今、UFCは、原宿、渋谷、恵比寿に4つの畑や田んぼを作り、日々、野菜やお米、ハーブや果物などを育てているが、それぞれの畑にはそれぞれのコンセプトがある。
例えば、原宿の東急プラザ表参道原宿6Fの「おもはらの森」に作った畑のコンセプトは、「消費から育みへ」である。商業施設といえば、お金を払って商品を購入する消費の場である。だが、街の一等地にある「場」として捉えてみると、こんなに可能性がある場所もない。もともと、この場所を提供してくれた東急不動産からは、「街づくり、地域コミュニティ活性化を考えて欲しい」とも言われていた。そこで、まず、最初に思いついたのは、地元の子どもたちへの食育の提供だった。都会のど真ん中で土に触れ、自分たち自身の手で種を蒔き、作物を育て、収穫して、食べる。そんな場所、他になかった。すぐに、地元の保育園を訪ね、このプロジェクトの説明をした。「本当にそんなことが出来るんですか?」どの園の先生たちも、最初は面食らった様子だったが、細く説明をしていく内に「是非、参加させてください」と快諾してくれた。今では、年中さんの親御さんたちから「『年長になったら、あそこの畑で野菜育てられるんですよね』って言われるんですよ」と、ある園の先生が嬉しそうに話してくれるほど浸透している。

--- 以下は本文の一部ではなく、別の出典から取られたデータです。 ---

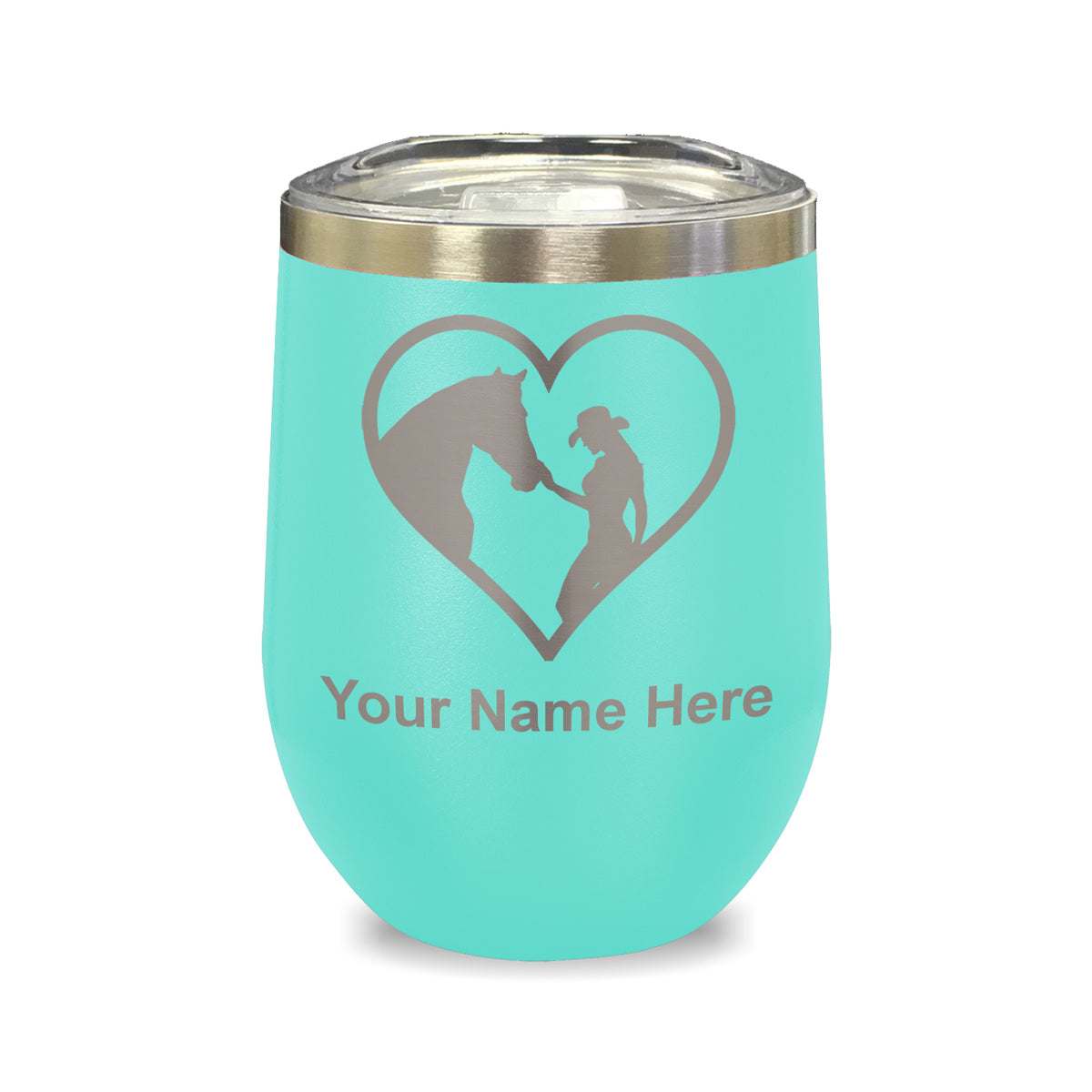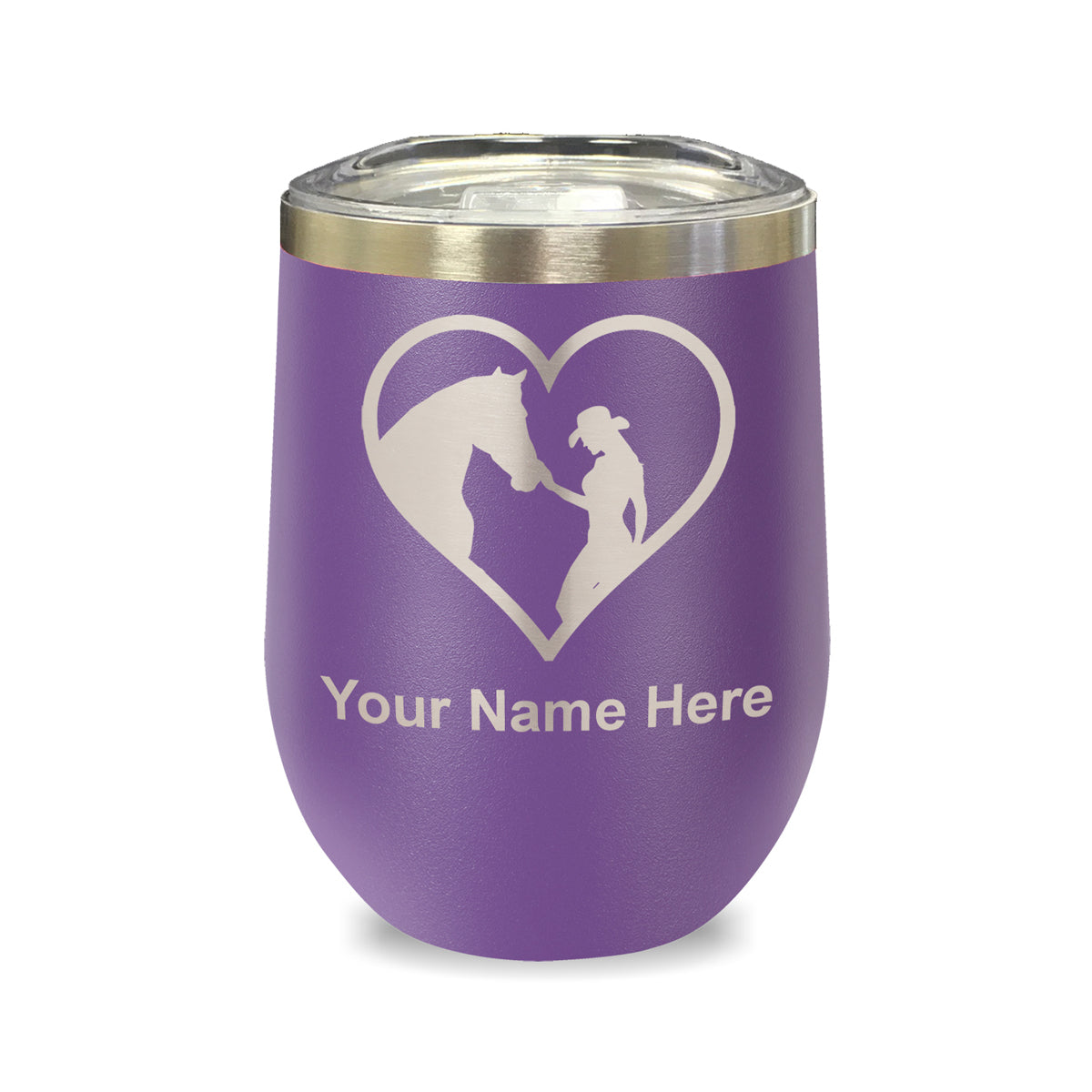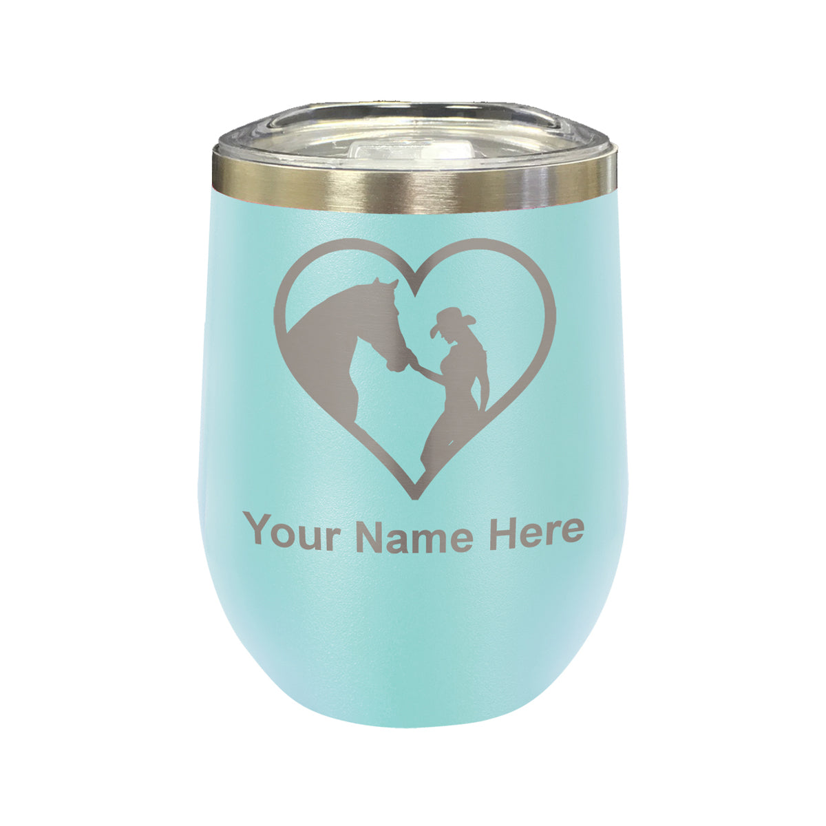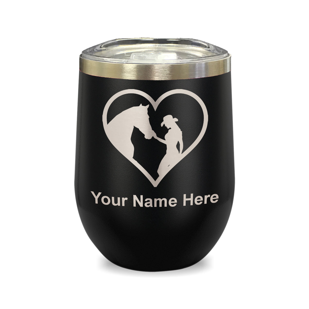 LaserGram Double Wall Stainless Steel Wine Glass, Horse Cowgirl Heart, Personalized Engraving Included

ところで、この畑は「おもはらの森」にあるから「やさいの森」と名付けたのだが、このプロジェクトを支えてくれているのが、前途した東急不動産に加え、伊藤園とキユーピーという渋谷区に本社を持つ企業である。都会のど真ん中に畑を作るーこれまでまったく前例がなかったプロジェクトがこうして実践できるようになったのも、3社の担当者の方々が何度も何度も社内でプレゼンテーションをしたり、上司に掛け合ってくださったり、頭が下がるほど熱く、そして自分ごととして動いてくれたお陰だ。だから、「やさいの森」には、そんな街で働く人たちの思いも育まれているのだ。「この活動をもっと広げたい。この場所から、小さくていいから、ローカルに根ざした場所になるような、小さなマルシェでいいから始めましょうよ」今年から開催することになった「やさいの森マルシェ」は、3社の皆さんからのこんな提案から始まった。企業間の垣根を超えて育まれた思いが結晶したのだ。だからこそ、今、ここで野菜を育てている子どもたちには、成人式にでも集まった時に「そういえば、ここの畑で野菜育てたよね」なんて話してもらいたい。そうしたら、その内の誰かが「俺たちも、自分の子どもたちにここで野菜育てられるそうにしてあげようよ」なんて言ってくれるかもしれない。
つくづく思う。街は、そこで暮らす人や働く人たちが作るものだ。だから、農村から見たら、取るに足らないくらいのちっぽけな畑かもしれない。だが、そんなちっぽけな畑が都会のど真ん中に生まれると、街は変わる。そして、それがバトンとなって、きっと未来も変わるはずだ。